Trust in any technology is a prerequisite for its adoption. That’s why as AI capabilities accelerate, there’s been a growing emphasis on ethical artificial intelligence, commonly referred to as responsible AI. The core principles of responsible AI are fairness, accountability, and transparency. Fairness and accountability are intrinsically linked to transparency because if AI is opaque, we cannot address or adjudicate any claims about the lack of fairness or where to affix the accountability when things go wrong.

But there’s a trade-off of sorts between the higher performance of complex neural networks (when compared to simpler machine learning methods) and their lack of transparency. In many application domains, a lack of transparency has led to AI pilot projects not moving to production, slowing down or even halting the adoption of AI because companies preferred tools that use simpler statistical techniques.

That leads us to explainable AI (XAI).

Explainability refers to the ability to understand or make sense of how a deep learning system arrives at a particular prediction or generates an output given a particular input. One nuance here is to ask, “Explainable to whom?” Is the explanation geared toward the end user, the developer of the system, or some other stakeholder? Often, “interpretability” refers to understanding the internal workings of the system, and hence intended for the developers and technical stakeholders, while “explainability” refers to the end results of the AI system. Explainable AI also broadly refers to the growing field that focuses on making AI more transparent. To be clear, explainability is not a silver bullet but an important tool to advance responsible AI.

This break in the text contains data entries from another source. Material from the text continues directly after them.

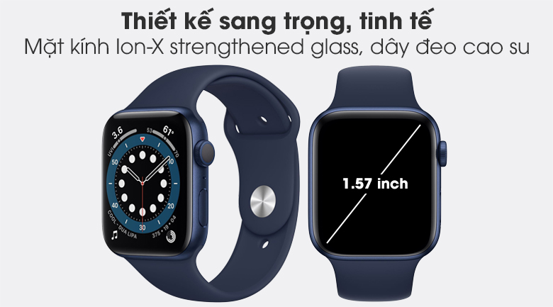 Apple Watch S6 40mm viền nhôm dây cao su xanh có thiết kế giống với các phiên bản trước đây, mang vẻ đẹp đơn giản, tinh tế và sang trọng. Màn hình OLED với kích thước 1.57 inch giúp hiển thị hình ảnh và thông tin rõ ràng và sắc nét. Dây đeo được làm từ chất liệu cao su có độ co dãn tốt và êm ái cho cổ tay người dùng khi đeo lâu.
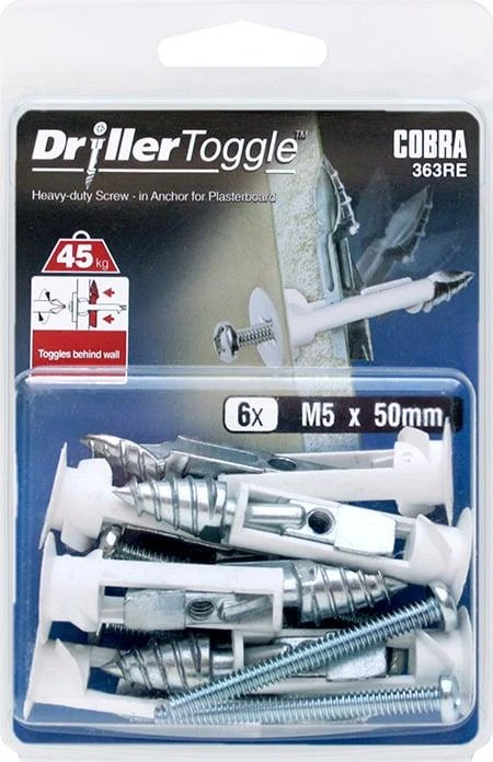 Zīmols- Cobra. Opciju tips- Paredzēts GK plāksnēm. Garums- 63 mm. Diametrs- 11.5 mm. Stiprinājuma veids- Skrūves. Opciju materiāls- Neilons, Metāla. Vienību skaits iepakojumā- 6.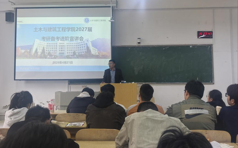 为持续深化考研指导服务,在前阶段动员基础上进一步明晰备考路径、提升复习实效,2026年4月21日,土木与建筑工程学院召开2027届考研备考进阶宣讲会。院长助理徐慧臣、专任教师高超以及2027届土木工程专业全体学生参加本次宣讲会。
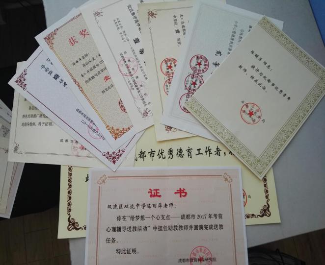國家二級心理咨詢師、中級沙盤游戲治療師、中級職業(yè)生涯規(guī)劃咨詢師、心理援助專員、四川省心理咨詢師協(xié)會會員、四川省心理健康教育地方教材編委、成都市心理學(xué)科骨干教師、成都市優(yōu)秀青年教師、成都市優(yōu)秀德育工作者……這種種的榮譽稱號正是麗萍姐工作成果的部分證明。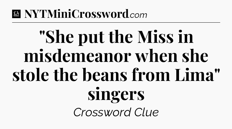 The clue “”She put the Miss in misdemeanor when she stole the beans from Lima” singers” most recently appeared in a LA Times Crossword on August 20, 2022.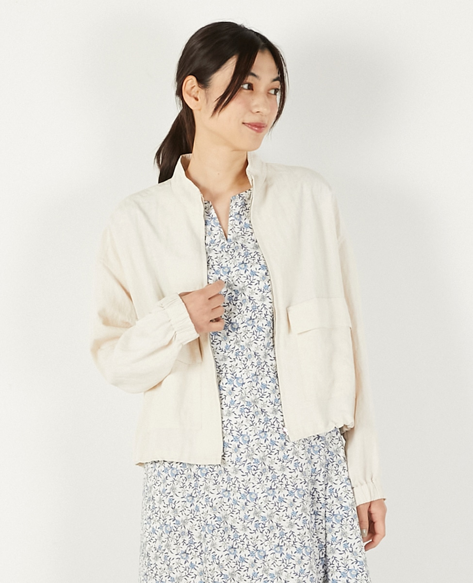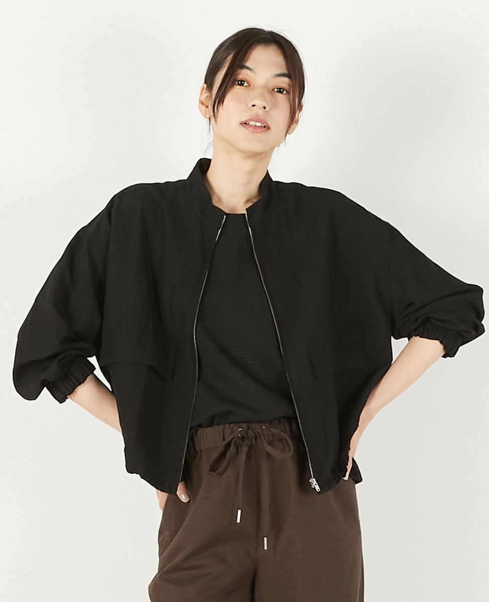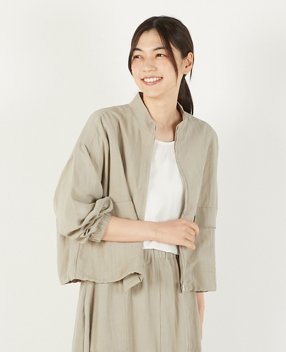 【レーヨンリネンナイロンスタンドジップブルゾン】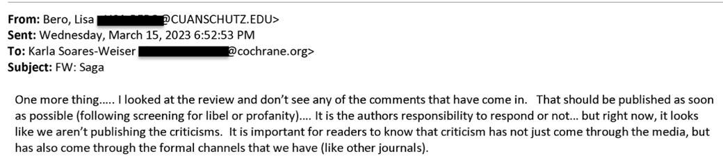 Bero then suggested to Soares-Weiser that Cochrane publish negative comments being submitted by outsiders criticizing the mask review. “That should be published as soon as possible (following screening for libel or profanity),” Bero emailed. “It is important for readers to know that criticism has not just come through the media, but through the formal channels that we have.”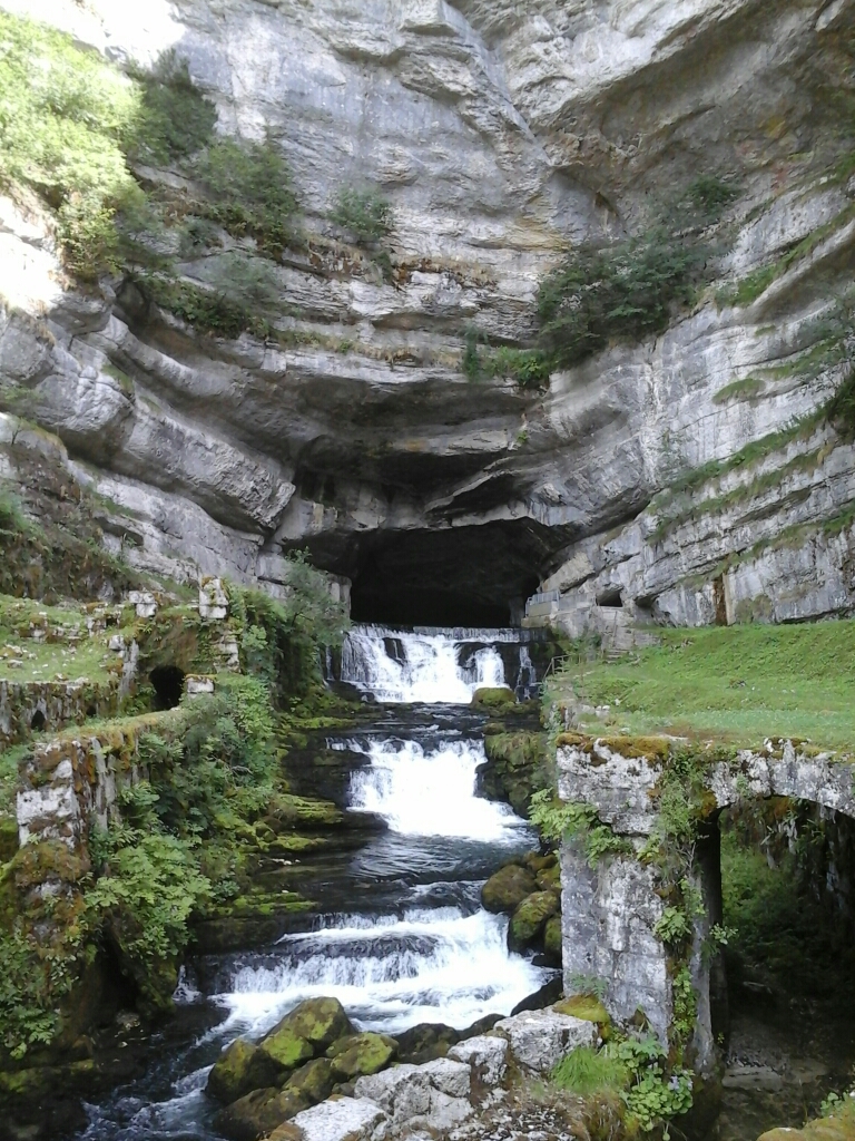 De route liep tot aan de bron van de Loue. Wij dachten dat het een rustig riviertje zou worden met een gemakkelijke wandeling langs de oevers. Dat pakte verrassend anders uit. Het pad ging omhoog langs een gorge met onder ons een alsmaar woester wordende rivier met cascades. Heel mooi en ook heel fijn om er niet alleen te lopen, want toch een beetje gevaarlijk. De bron bleek uit een gat in een rots te komen. Heel merkwaardig waar al dat water zomaar vandaan komt!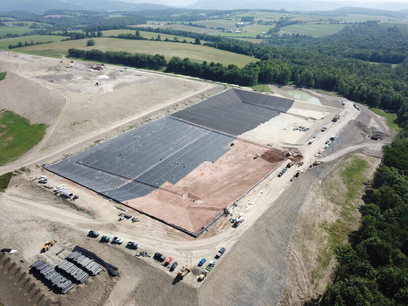 The project covers subgrade prep for Cells 7 and 8, liner installation, landfill gas system expansion, and key site upgrades including a pump station, road, sediment basin, and scales.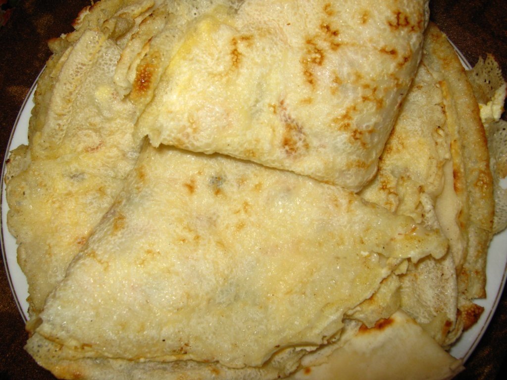 Se lasa circa o jumatate de ora stafidele la inmuiat in esenta de rom, apoi se amesteca cu branza dulce, coaja de portocala rasa si zahar pudra, dupa gust. Se coc foile de clatita si se umplu cu aceasta compozitie. In functie de gust, se poate pune coaja de lamaie in loc de coaja de portocala.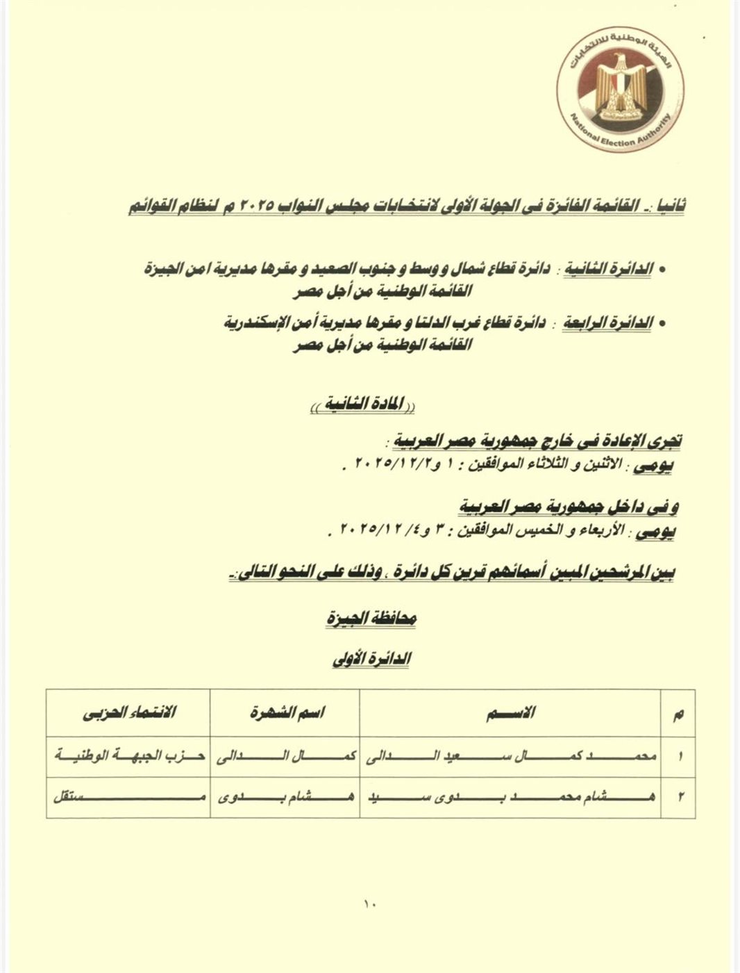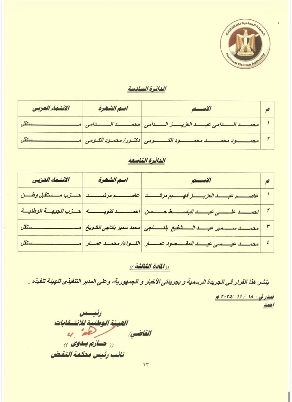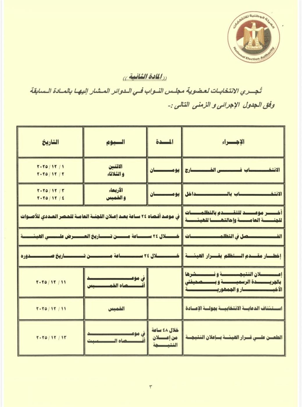 كما نشرت الهيئة الوطنية للانتخابات، القرار رقم 67 لسنة 2025 بإعادة اجراء انتخابات مجلس النواب للمقاعد المخصصة للنظام الفردى فى بعض الدوائر الانتخابية، كما أعلنت الجدول الاجرائى والزمنى لهذه الانتخابات، وجاء نص القرار كالتالي: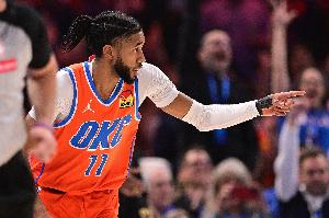 第一節(jié),雷霆攻防兩端壓制對手,單節(jié)以39-19領(lǐng)先籃網(wǎng)多達(dá)20分,雷霆射手以賽亞-喬首節(jié)飆中4記三分獨(dú)得12分。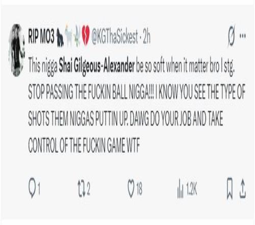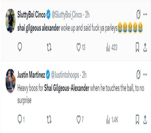 还有球迷朝着SGA喷脏话,甚至不满SGA在末节登场时一直传球,不敢出手投篮,希望他重新去掌控比赛。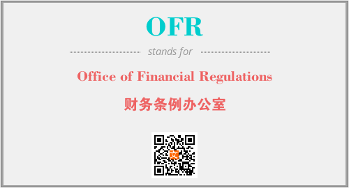 上述内容是“Office of Financial Regulations”作为“OFR”的缩写,解释为“财务条例办公室”时的信息,以及英文缩略词OFR所代表的英文单词,其对应的中文拼音、详细解释以及在英文中的流行度和相关分类、应用领域及应用示例等。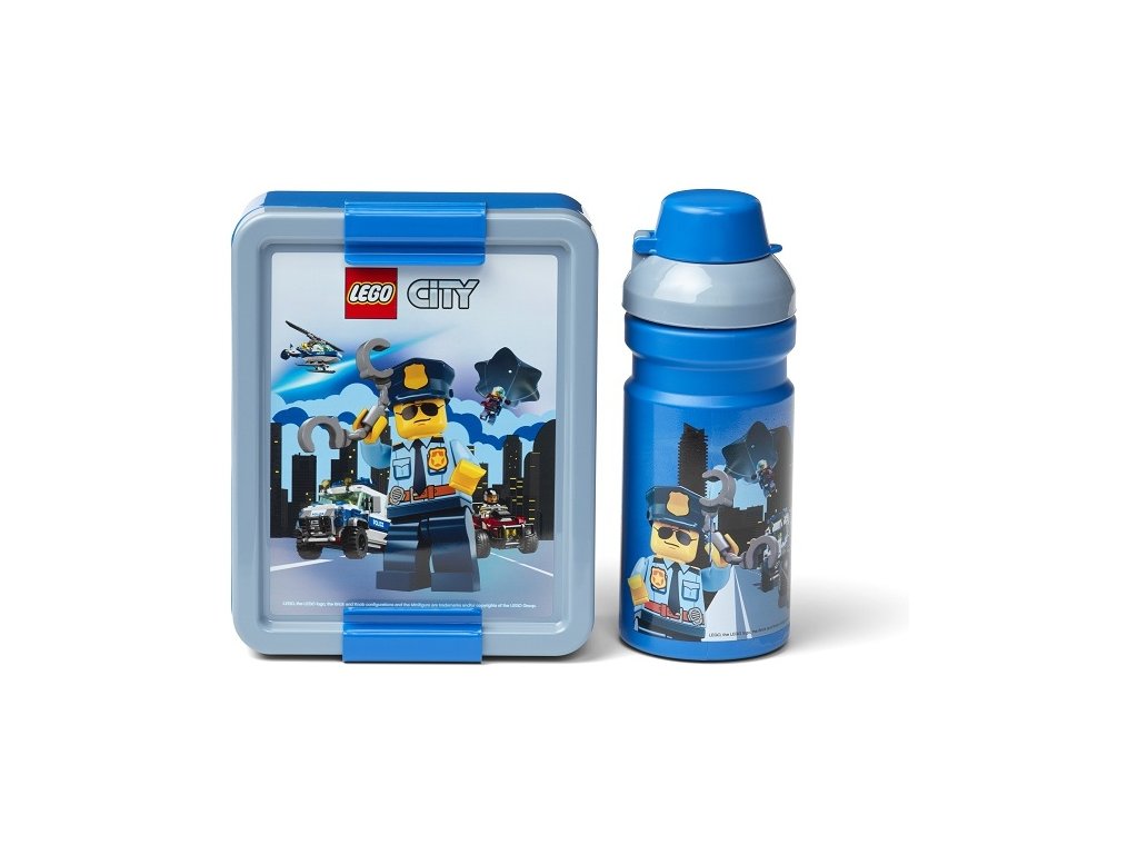 Svačinový set LEGO obsahuje praktický box s dobře těsnícím víkem a láhev na pití s uzávěrem. Kompletní svačinová výbava na výlety i do školy s úžasným motivem od LEGO.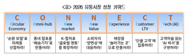 이번 키워드 선정에 참여한 서용구 숙명여대 교수는 “우리 삶과 가장 가까운 생활 밀착 산업인 유통은 이제 물건을 파는 단계를 넘어 흩어진 기술과 공간을 유기적으로 엮어 고객에게 새로운 가치를 제공하는‘연결의 경쟁’이 됐다”고 평가했다.
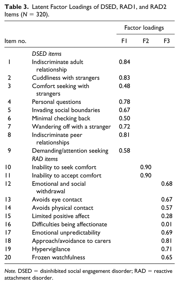 The DSED Item 6 (Minimal checking back, Criteria A3) showed high cross-loadings with both RAD1 and RAD2. This item had been amended to make it more appropriate for adolescents and was worded: Some young people act too independent for his/her age, for example by failing to let you know where she/he is and when she/he is coming back. Is she/he like that? Nearly 28% of the foster parents recognized this behavior in their youth. Still, our finding indicates that this item does not capture the behavior corresponding exclusively to DSED Criterion A3 for adolescents. Other groups of researchers have investigated indiscriminate behavior with adoptive parents of institutionalized children with use of the Five Item Indiscriminately Friendliness Behavior interview (5FI). In line with our finding, the 5FI item Wandering off without distress has been found to correlate weakly or not at all with other DSED items for cares of previously maltreated children (; ). The same result was found with use of the ETRAD-Q in school-aged children (). The issue could be that DSED Criterion A3 has both characteristics related to social disinhibition as well as to lack of social reference to caregivers, similar to behaviors associated with RAD. A further question therefore may be the specificity of Criterion A3 for DSED. Further studies using the RADA are needed to assess whether differently formulated items enable assessment of this criteria or whether Item 6 should be removed from the instrument.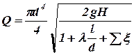 Прямое вычисление расхода здесь выполнить невозможно, так как коэффициенты l и x являются функциями числа Рейнольдса, а оно оказывается неопределимым в условиях данной задачи потому, что само связано с неизвестным и искомым расходом Q. Поэтому решение производят методом последовательных приближений, полагая в первом приближении, что имеет место квадратичный закон сопротивлений, при котором коэффициенты l и x не зависят от Re. Метод В. Расчет ведется с использованием уравнения (2):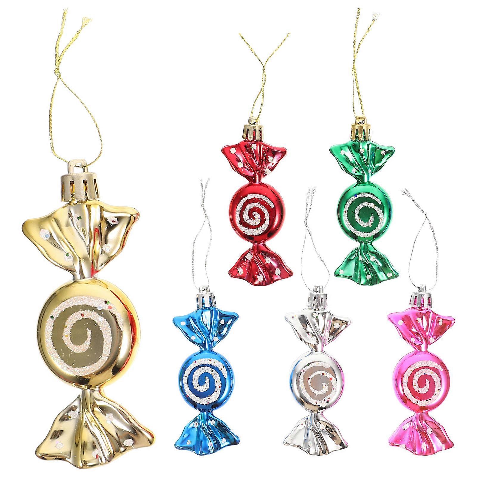 Christmas Ornaments 6Pcs Assorted Color Plastic Candy Decoration 8.5x3cm Easy To Use Hanging Decorations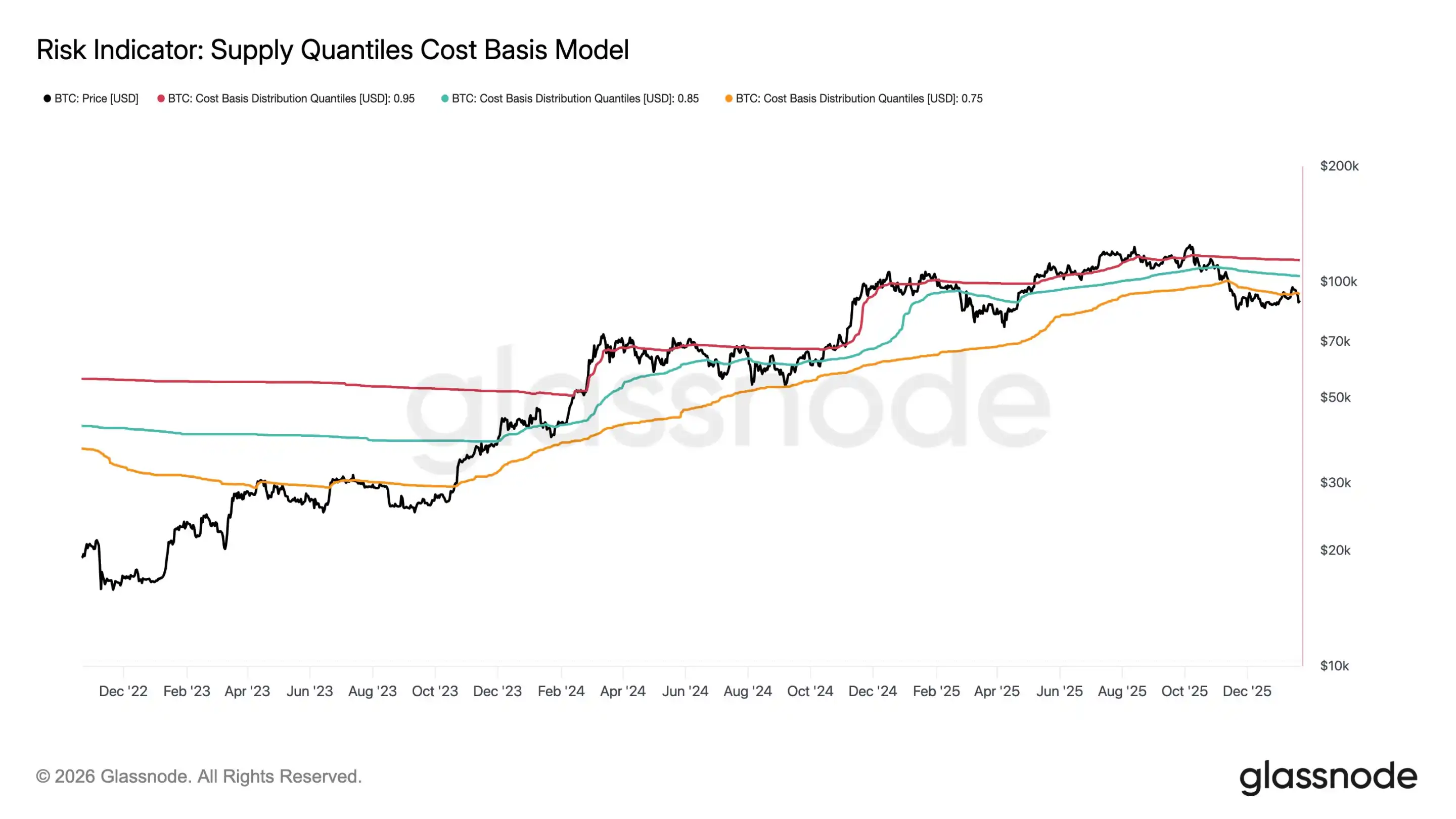 比特币的轨迹形成鲜明对比。2025 年触及 12.6 万美元峰值后,在 9 万美元附近盘整。glassnode 发文表示,比特币已失去 0.75 供应成本分位数且未能收复。目前现货交易价格低于 75% 供应量的成本基准,这标志着分发压力正在上升。风险水平已向上移动,除非能够重新收复该水平,否则市场将由下行趋势主导。
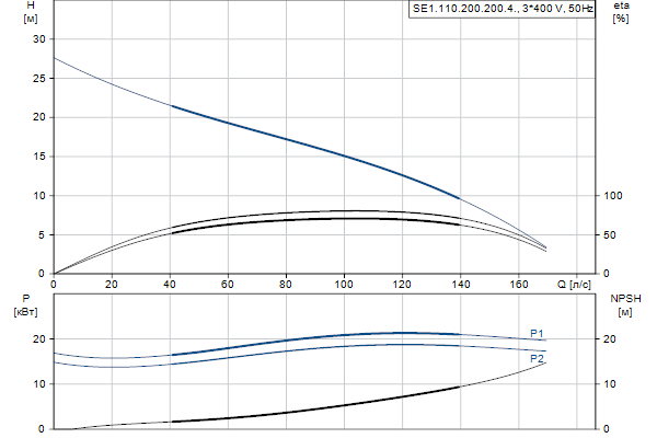 Насос идет в комплекте с электродвигателем Grundfos Blueflux® с высоким КПД, изготовленным из деталей, имеющих класс энергоэффективности IE3.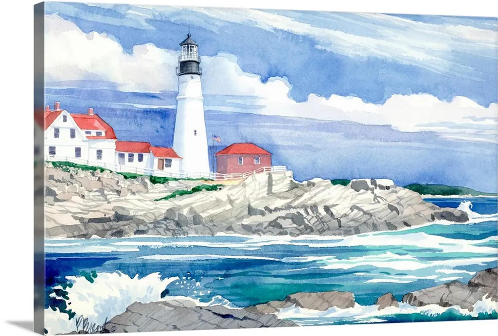 Ideal for adding a coastal note to your decor, this lighthouse painting is beautifully reproduced on deckled paper, floated over a mat, and displayed in a wood frame. Arrives ready to hang.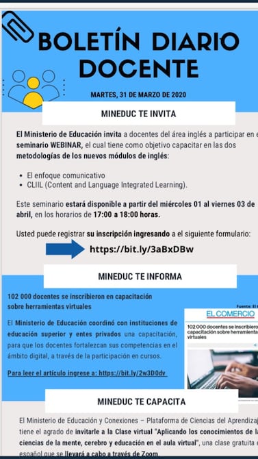 Desde hoy hasta este viernes, de 17:00 a 18:00, estará disponible el seminario Webinar dirigido a docentes del área de inglés, gestionado por el Ministerio de Esducación.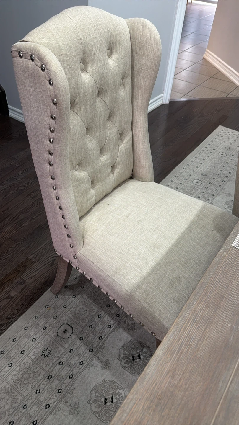 This elegant dining chair features a high tufted back with decorative nailhead trim. It's upholstered in a neutral linen-look fabric with a wooden leg base and a convenient ring pull on the back. Its classic design adds a touch of sophistication to any dining space.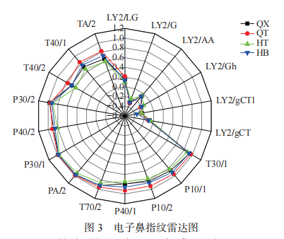 四個(gè)部位電子鼻氣味指紋雷達(dá)圖3表明:樣品HT在P10/1、P10/2、P40/1與其他樣品出現(xiàn)差異,P型傳感器一般對(duì)極性化合物和非極性化合物敏感;樣品HT與QT在T40/2、T40/1、TA/2區(qū)分較為明顯,而T型傳感器對(duì)氧化氣體和含硫化合物敏感,說(shuō)明在含硫化合物含量上樣品HT與樣品QT差異較大。

Explainability improves user trust in AI, and increasingly companies are making it an important criterion in their purchase decisions. Interpretability and explainability enable developers to debug and refine the AI they’re building. Explainability helps identify and correct for the biases (errors) in AI. It also shines a light on the limitations and blind spots of AI and helps formulate usage guidelines—where autonomous operation is acceptable, for example, and where human oversight (or human-in-the-loop protocols) might be needed. On top of that, laws and regulations in some jurisdictions, such as the European Union, are requiring that end users have a “right to explanation” when AI systems are used, particularly for high-stakes use cases, such as speech applications in healthcare or voice biometrics used for authentication and security.

The field of XAI is actively accumulating a set of tools, techniques, and best practices, particularly for image recognition and other non-speech AI applications. While deep learning is widely adopted for speech technology applications such as ASR, awareness and usage of explainable techniques are still in a nascent stage.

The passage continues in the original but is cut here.